You really want to do it right? It would probably take almost as much money and personnel as the war itself. Billions to go in, billions to come out. Finish what you started. Put it all into a single budget and show it to the American people. Put it all in plain English so there is no misunderstanding. Explain how much money is required to keep a single person on medication for several decades, what prosthetic limbs cost to make, how often they need to be replaced over time, etc. Let's see what a war really costs.

When that bit of bad news is done, then show them the human toll. The misery of not only the person who went to war but the family who surrounds them and what they have to go through. Put all this in plain view and then ask the American people if they want to go into another conflict.

Recruiting offices might be a bit more transparent to those men and women who seek to join the military. Large, full-color, high-definition pictures of what war really looks like should be on the walls and windows. Unless, that is, they have something to hide.

These armchair generals on television, talking tough about Putin in Ukraine and how President Obama's weakness is what led to the Russian takeover of Crimea, are a scream. What world are these people living in?

You want a war? You go first.
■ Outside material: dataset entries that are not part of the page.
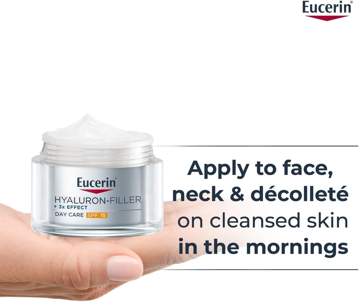 Eucerin Hyaluron Filler Anti-Aging Face Day Cream with Hyaluronic Acid, Plumps up Deep Wrinkles, UVA & UVB Protection, SPF 15, Moisturizer for Dry Skin, 50ml
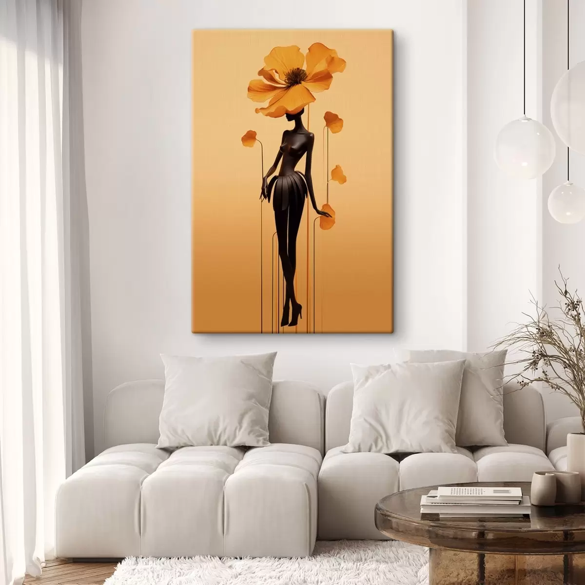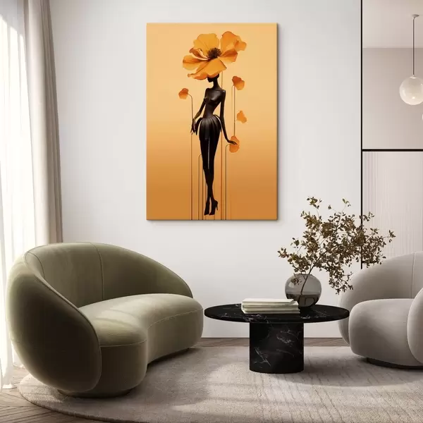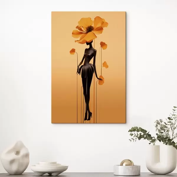 Pictură pe pânză O siluetă elegantă cu flori pe un fundal cu degrade cald Nr s48619
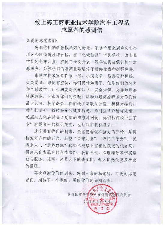 9月10日,学院收到重庆师范大学涉外商贸学院感谢信一封,表达了对于汽车工程系组织2016年大学生暑期社会实践团队10人,前往重庆合川开展为期9天的“汽车宝贝启蒙计划——留守儿童体验式教学”活动成效的感谢与认可。
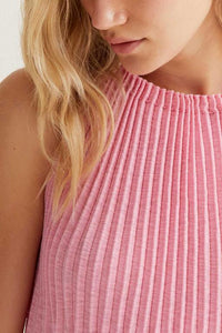 Deze maxidress in frisse roze heeft een hoge hals en subtiel plissé-detail voor een elegante touch. Mega cute en perfect voor zonnige dagen!
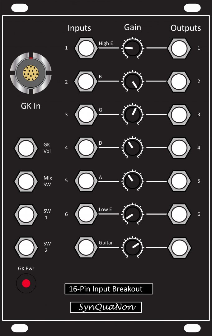 The 16-Pin Input Breakout module receives signals from a Roland-ready or GK guitar and converts them to modular levels using low-noise audio op-amps.
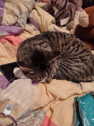 Blondie returns home. She gets our laptop out, and makes sure that it and our work cell are charged. She also gets her notepad ready. This is usually when I do my big kitty stretch and prepare myself for another strenuous day.
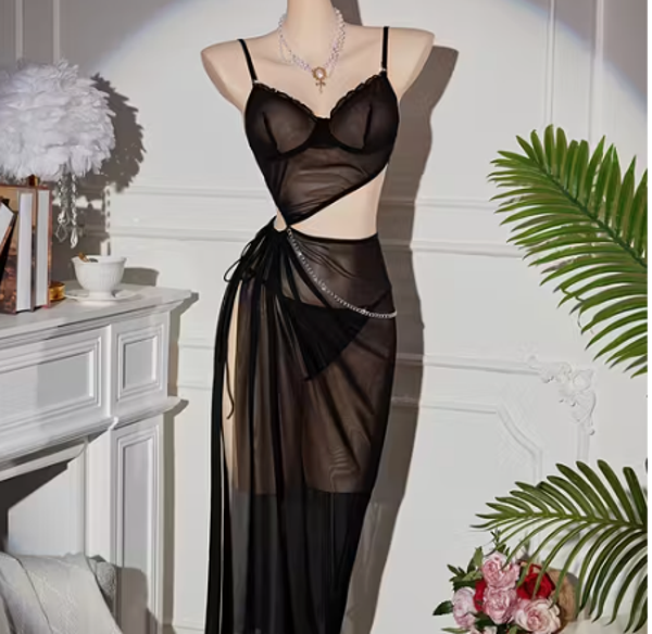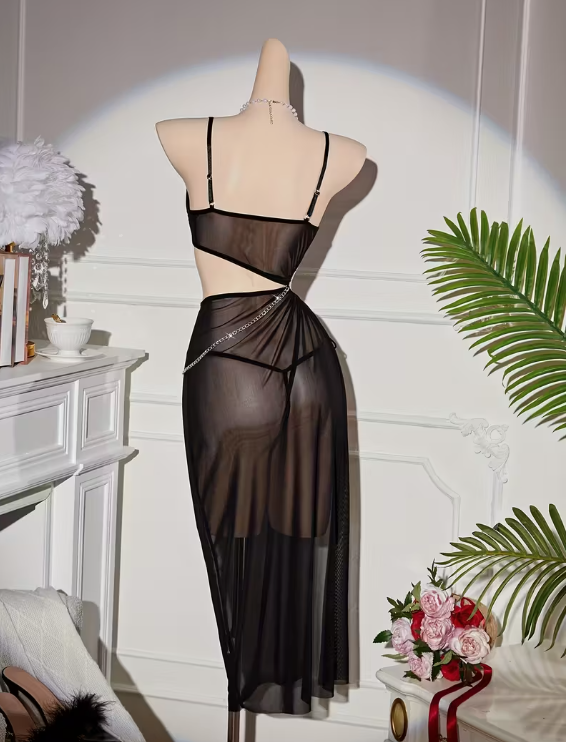 Sexy Sheer Mesh Chain Suspender Lingerie Dress for Women - Elegant Low-Cut Design with Backless Detail, Hand Washable
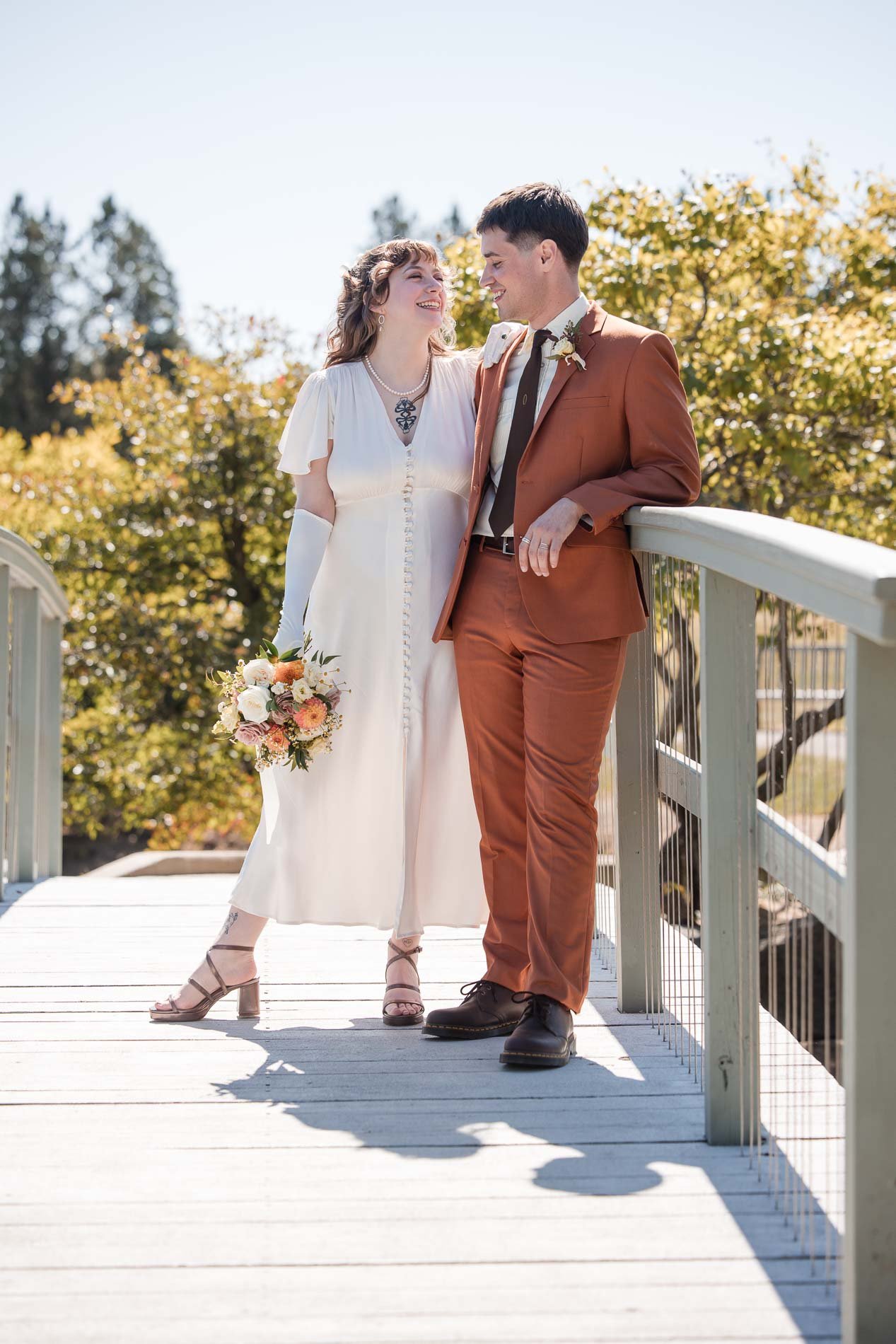 In 30 seconds, I had to find a location that offered privacy, shelter from rain, and a great view. I enjoy quick problem-solving to get the best shots for my couples. I chose the picnic area overlooking the Monet Bridge and fall foliage. Many pick the small bridge, but it has little room to work. From this spot, we captured the lake, bridge, and colorful trees. The photos turned out great.
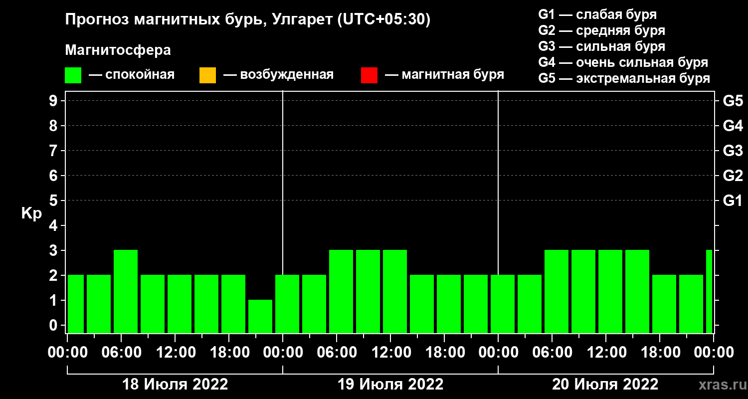 Прогноз магнитных бурь в Улгарете на 18 июля 2022 года
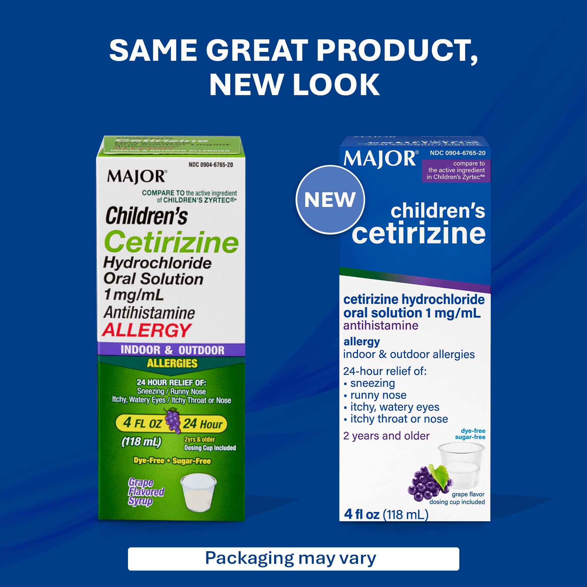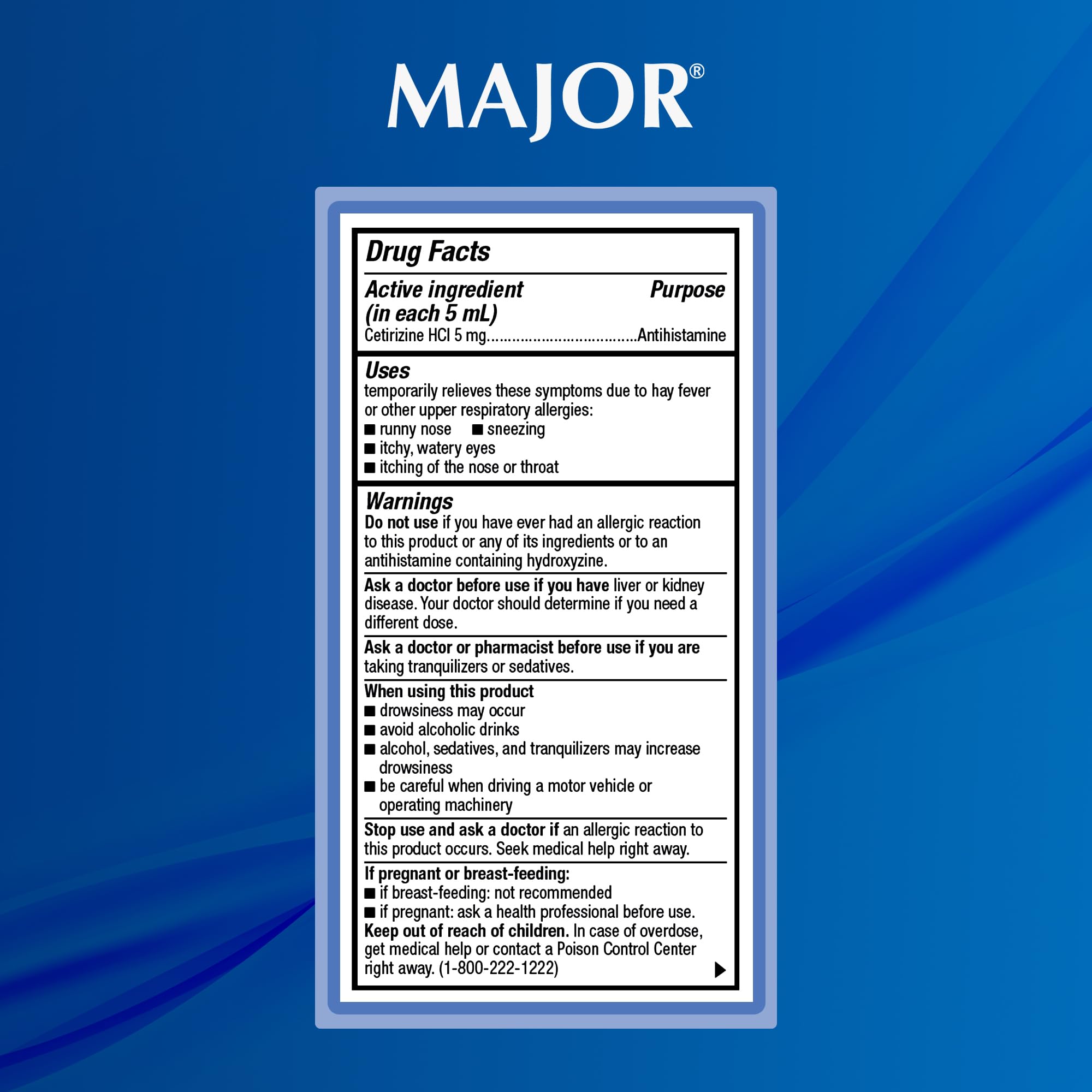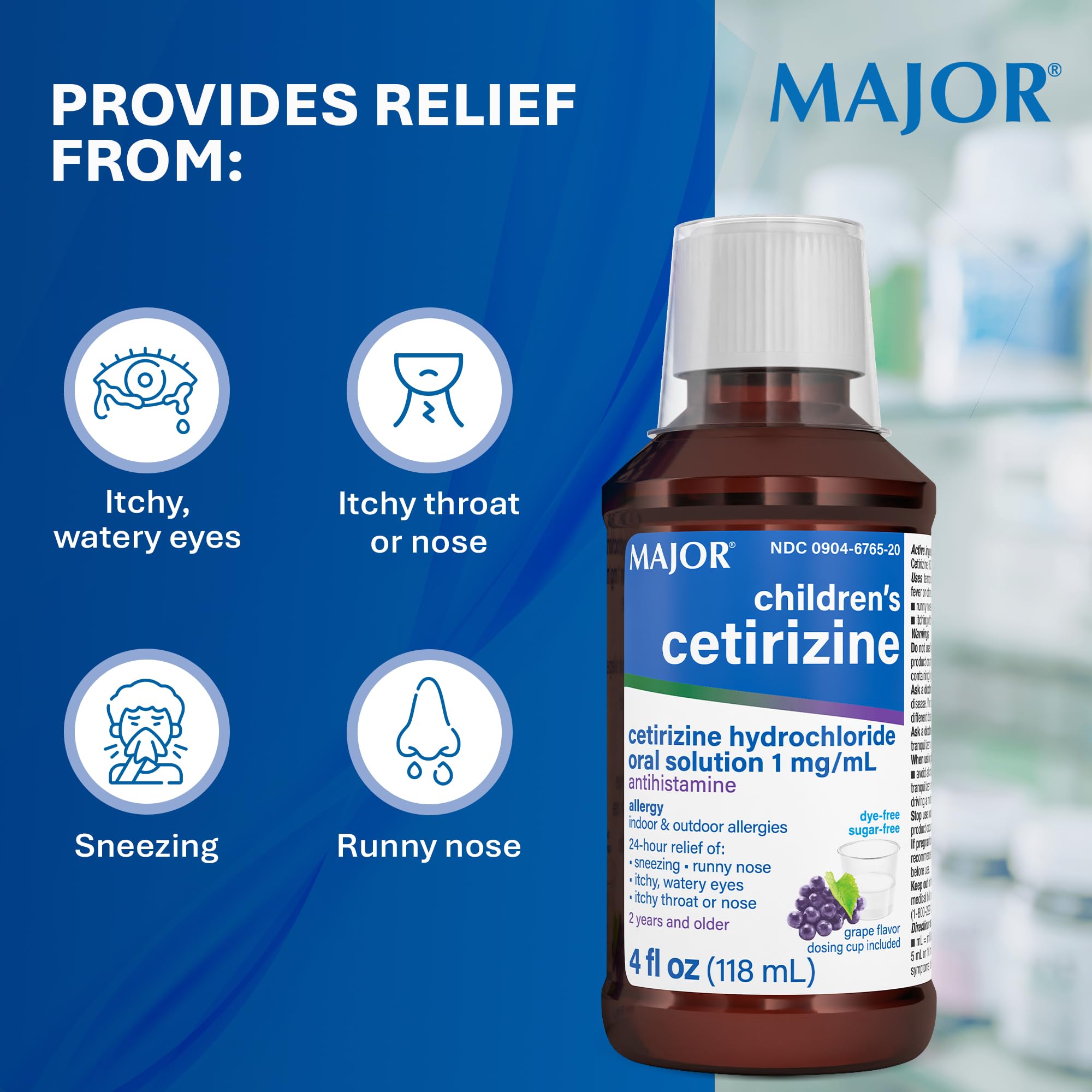 Major Children's Cetirizine 5 mg Antihistamine, Grape-Flavored Allergy Relief Liquid for Sneezing, Runny Nose, Itchy Watery Eyes & Itchy Throat, 24-Hour Indoor & Outdoor Relief - 4 Fl Oz (1 Pack)
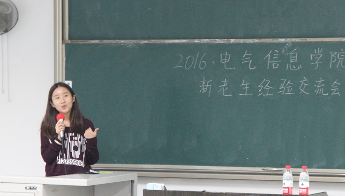 2016年9月24日晚7时,电气信息学院2016年度新老生学习经验交流会在江安校区第二基础教学楼报告厅成功举行。电气信息学院2013级舒心学姐,2014级学生会主席张康宁学长,贺帅佳学长,2015级代撬楚学长出席本次交流会。电气信息学院电气工程及其自动化、自动化、通信工程2016级新生到场参加交流会。

Romney, send all your handsome sons into the shit. You go as well. You can talk to the soldiers about Mormonism, as you did in France during the Vietnam war.

Again, are any of these people ready to pay the cost?

The recent incident at Fort Hood should be the start of a coast-to-coast conversation. Every single military suicide should be mentioned on daily news outlets as it happens, not gathered at the end of the year as some gruesome statistic buried at the back of a national newspaper that lacks the guts to put it on the front page.

The stigma of talking about problems post-deployment and seeking help must be removed. It should be one of the president's top priorities. It is a huge and necessary undertaking.

A country as exceptional as America should expect nothing less of itself.